An official of the Home Department said that all the MLAs, Advisors, the Chief Secretary, along with other senior officials of the state government and leaders of 27 other civil society organisations, would be present in the meeting.
The day-long meeting would also discuss the maintenance of peace in Nagaland in the wake of recent political developments, and the enforcement of the Inner Line Permit (ILP), the official said.
Meanwhile, an all-party delegation led by Chief Minister Rio would soon meet Union Home Minister Amit Shah to discuss the decades-old Naga political issue and concerns about the border fencing and FMR across the India-Myanmar border.
A senior Nagaland minister earlier said that in the previous Assembly session (March 3 to 8), the Chief Minister had suggested that an all-party delegation would meet the Union Home Minister to apprise him about the contentious Naga political issues, which always dominate politics in the state. He said that besides the Naga political issue, FMR, PAP, ILP and border fencing along the India-Myanmar border are the other vital issues to be discussed with the Union Home Minister.
The Union Ministry of Home Affairs (MHA) last year announced that the FMR, which allows people residing along the India-Myanmar border to travel 16 km into each other's territory without a visa, would be scrapped soon. Instead, the MHA decided to replace the FMR to adopt a new scheme to issue a pass to the border residents of both India and Myanmar living within 10 km on either side of the frontier to regulate cross-border movements.
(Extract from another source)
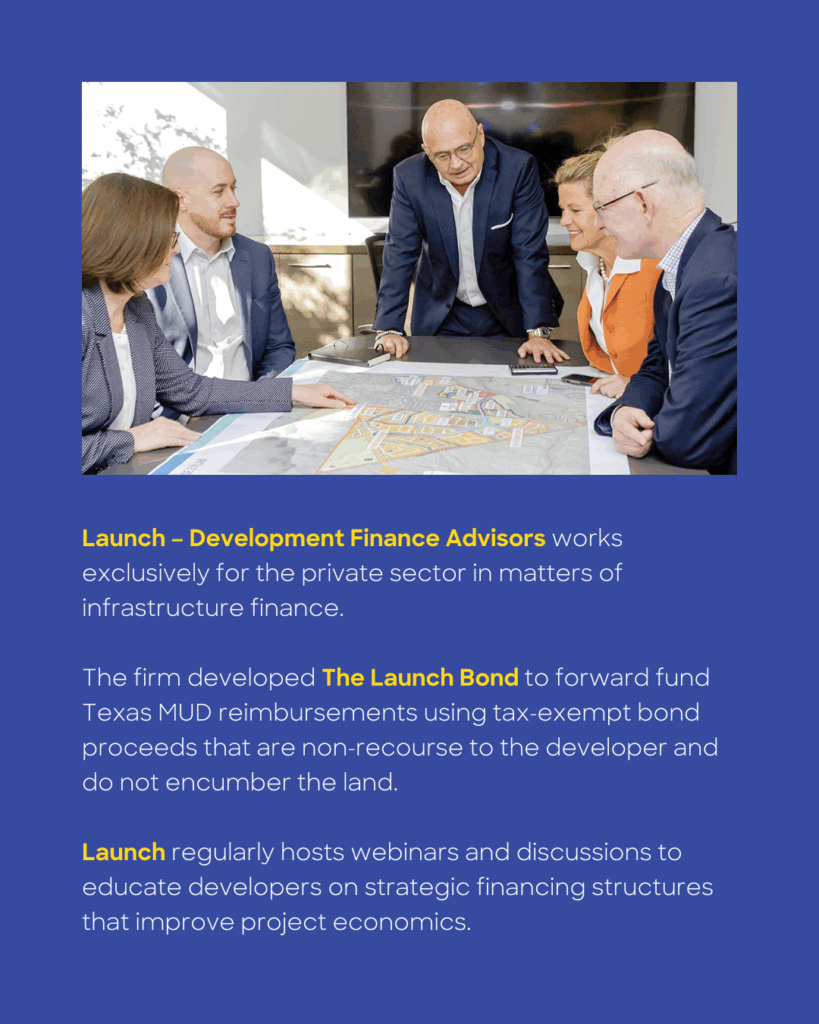 "Launch works exclusively for the private sector in matters of infrastructure finance. We developed The Launch Bond® as a way to forward fund Texas MUD reimbursements using tax-exempt bond proceeds, non-recourse to the developer and without encumbering the land.In this webinar, we show actual pro formas and case studies — including transactions that have already closed — to demonstrate how the structure works in practice."

The Nagaland Assembly on March 7 unanimously decided that an all-party delegation would meet the Union Home Minister to explain to him the“sentiment and resentment of the Naga people” against the MHA's decision to cancel the FMR between India and Myanmar.
Participating in the discussion on the issue, the Chief Minister had told the house that the border movement restriction would affect the long-standing historical, ethnic, social, cultural, traditional and economic ties of Nagas living on both sides of the India-Myanmar border. The Nagaland and Mizoram governments and a large number of political parties and civil societies in the two northeastern states have been opposing both border fencing and the scrapping of the FMR.
Four northeastern states -- Arunachal Pradesh, Manipur, Nagaland, and Mizoram -- share a 1,643-km unfenced border with Myanmar. The MHA had earlier decided to erect fencing on the entire porous border, known for the smuggling of arms, ammunition, narcotics and various other contrabands, at a cost of Rs 31,000 crore.